My mother read my blog post from yesterday about my memories of the trip I took when I was in college to Egypt and Turkey.   I told her I wasn't altogether certain the college trip had been the most memorable or most influential in my life because it rivaled my memories of the ten-week trip we took to England and Scotland the summer I was eight.

It's hard to compare a fourteen-day trip with ten weeks of travel and the age difference from eight to nineteen was also a significant factor.   When I was eight, going on my first international flight, to spend weeks in a foreign country on a summer abroad program was at that age, the trip of a lifetime. Indeed of a lifetime that spanned only eight years.

At the time, my parents were college professors.  They were two of the teachers who went with a collection of college students on the "London Abroad" program.   As it turned out, years later, I would attend the same college and would go on my Egypt and Turkey trip, but that was years in the future.   At the time, I was a child in Europe, experiencing a different culture and country.

There are so many memories I have of that time.   So many good memories.   I have a special place in my heart for England probably because of that very trip.   I've told my husband if he ever wanted to relocate out of the United States, and wanted to go to England, he need only say the word and I'd start packing.

We did a lot of things while we were there.   I have my memories but something I didn't realize until my mother told me today was how many plays my parents went to while we were on that trip.   She said my father likes to tell people how they saw thirty-five shows in ten weeks.  She said he also has the Playbills for each one.

I had seen the stacks of Playbills at some point or another, and I knew as a child they got them when they went to see a play or show, but it had no meaning to me other than that.   I spoke with my father this afternoon and mentioned the trip to England and Scotland, the shows and the Playbills, and he told me something even more interesting:  my father has the Playbill for every show he's ever seen, starting from when he was fourteen.

Our lives are each complex and intriguing in our own ways.   There is much we don't know about each other, even though we've known each other for decades.   I had no idea about the Playbills.   I told my father I'd like to see the collection.   I'd be interested in what show's he's seen.   I remember a few of them, mostly Marcel Marceau, the mime they took me to while on that trip to England.

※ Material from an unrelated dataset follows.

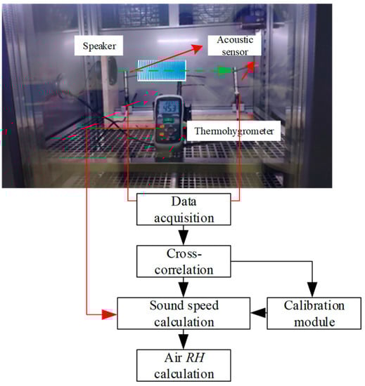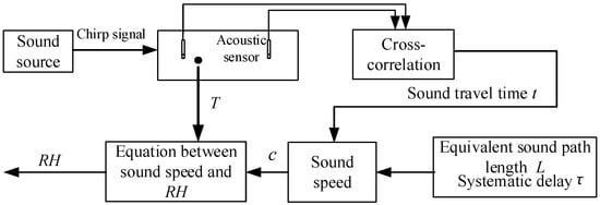 At present, the available sound sources for the measurement of air RH by the acoustic method include ultrasonic waves and low-frequency audible sound waves [,]. Ultrasonic waves are mainly used for short-distance measurement due to their easy attenuation []. Low-frequency sound waves have a smaller attenuation and a longer propagation distance, which have been used to measure indoor temperature, furnace flame temperature, and lake water temperature [,,]. However, the use of low-frequency sound waves to measure air RH is relatively limited [,]. Therefore, here, an air RH measurement method based on low-frequency sound waves and cross-correlation signal processing techniques is proposed.

That was a show that went horribly wrong for both of them and me.   I was what was termed, "hyperactive" back then.   Put me in a show that's silent with a single man on the stage, and I couldn't stay still, I was bored.   I needed to move.   I unintentionally annoyed the people around us so much my mother had to take me out of the theater.

I was upset and embarrassed, but I don't think I could have stayed still if I'd tried.   I guess I did try very hard, but I just couldn't do it.   Back to the Playbills, I'm going to have to check his collection out the next time I go to the mountains to visit my parents.   My father told me tonight he's still trying to get the slot machine working.   Maybe we can get that going and reminisce about our trip to England and Scotland when I was eight-years-old.

The Big Boy Update:  Thinking of the Marcel Marceau story, I should remember that my son is like me in that way and sometimes he just can't stay still or sit at the table or listen to you without wiggling or doing flips over the sofa.   He's probably trying, just like I was, only his body can't.

The Tiny Girl Chronicles:  Shane heard my daughter wrote her a touching send-off  letter.   She messaged me and asked if she could take my daughter out to get ice cream before she leaves to go traveling tomorrow.   My daughter put on her unique necklace that says "Munchkin" in braille Shane had custom made for her and was ready at the door when she arrived.   I told them to have a good time and not hurry back, that it was a special night.